### Extracted material

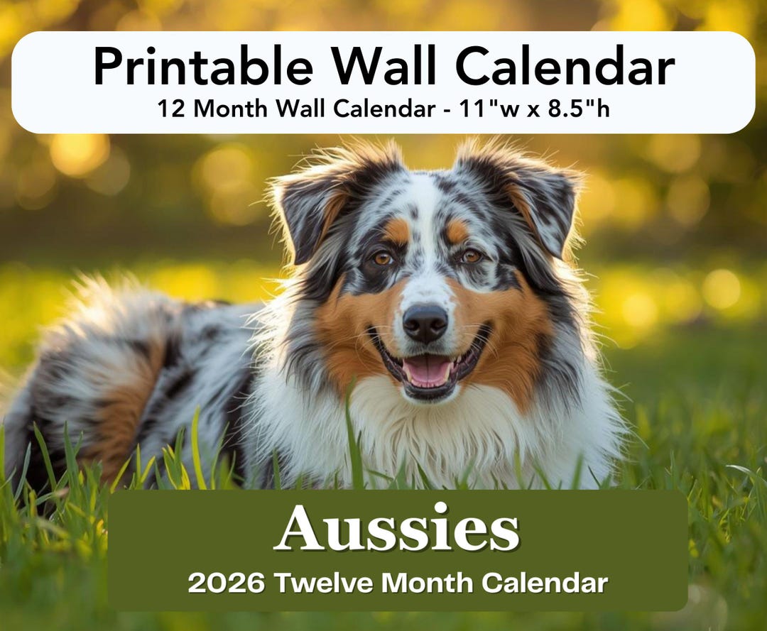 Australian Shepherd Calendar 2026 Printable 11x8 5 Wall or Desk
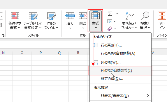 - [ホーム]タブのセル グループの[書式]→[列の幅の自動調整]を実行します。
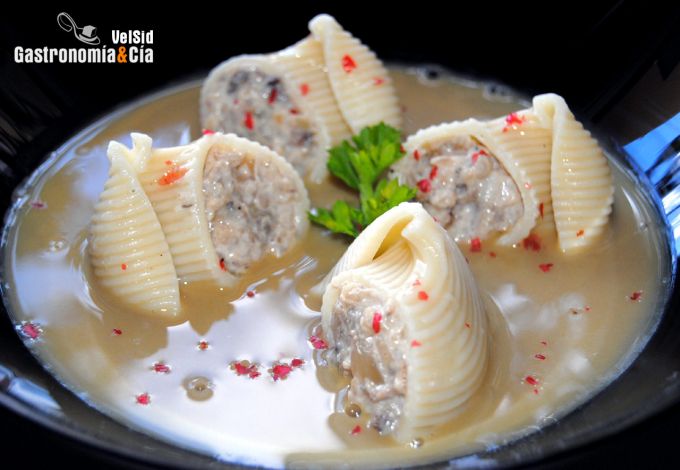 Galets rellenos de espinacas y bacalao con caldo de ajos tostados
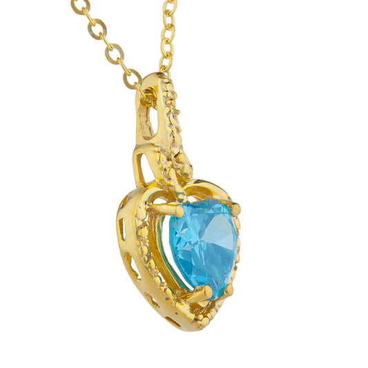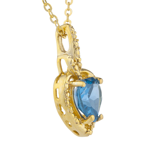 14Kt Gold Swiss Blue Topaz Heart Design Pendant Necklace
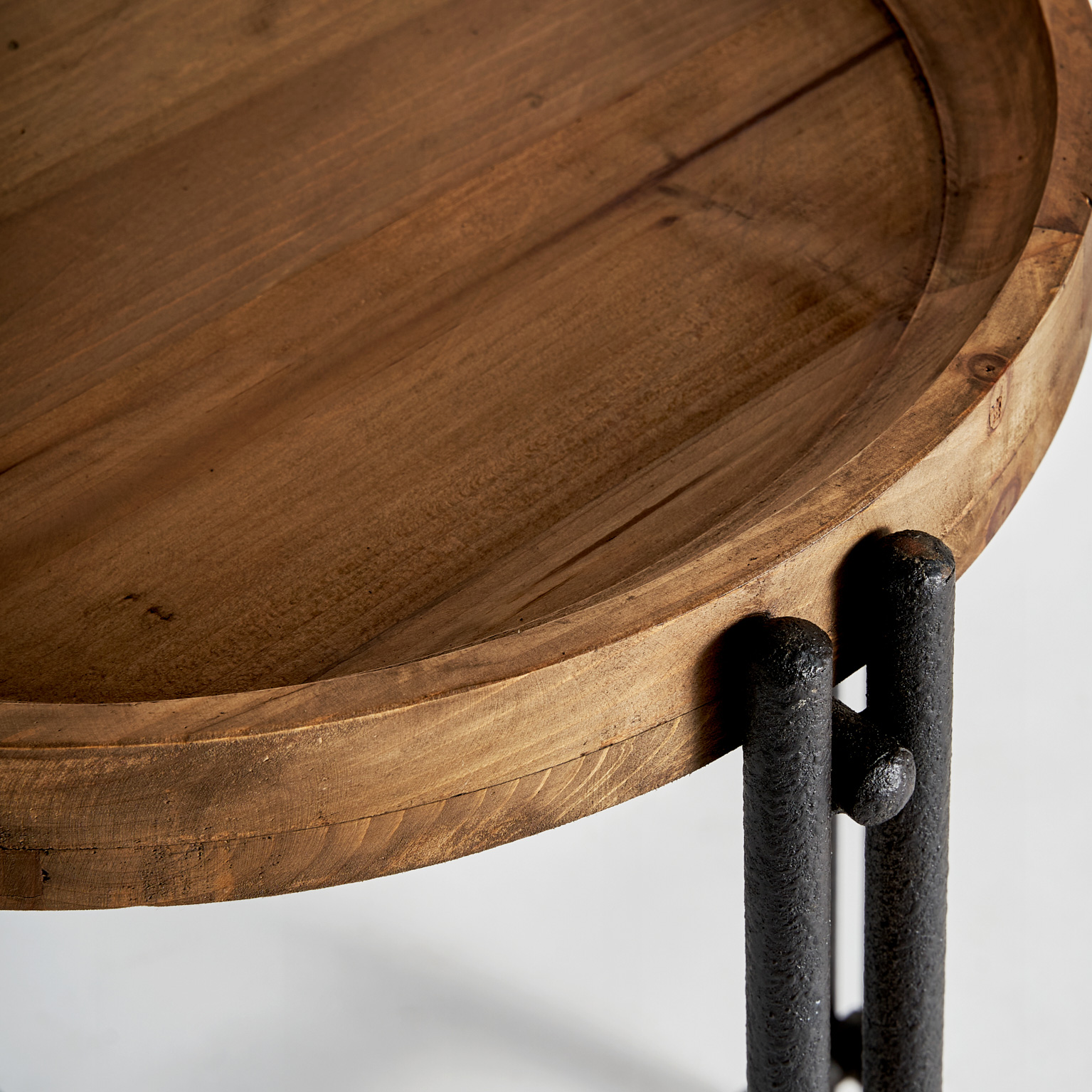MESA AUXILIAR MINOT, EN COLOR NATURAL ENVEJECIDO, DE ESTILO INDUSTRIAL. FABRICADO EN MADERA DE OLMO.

### Aim of the task
Please output all of the entries above exactly, but without any picture.

### Solution to the exercise
 Australian Shepherd Calendar 2026 Printable 11x8 5 Wall or Desk
 - [ホーム]タブのセル グループの[書式]→[列の幅の自動調整]を実行します。
 Galets rellenos de espinacas y bacalao con caldo de ajos tostados
 14Kt Gold Swiss Blue Topaz Heart Design Pendant Necklace
MESA AUXILIAR MINOT, EN COLOR NATURAL ENVEJECIDO, DE ESTILO INDUSTRIAL. FABRICADO EN MADERA DE OLMO.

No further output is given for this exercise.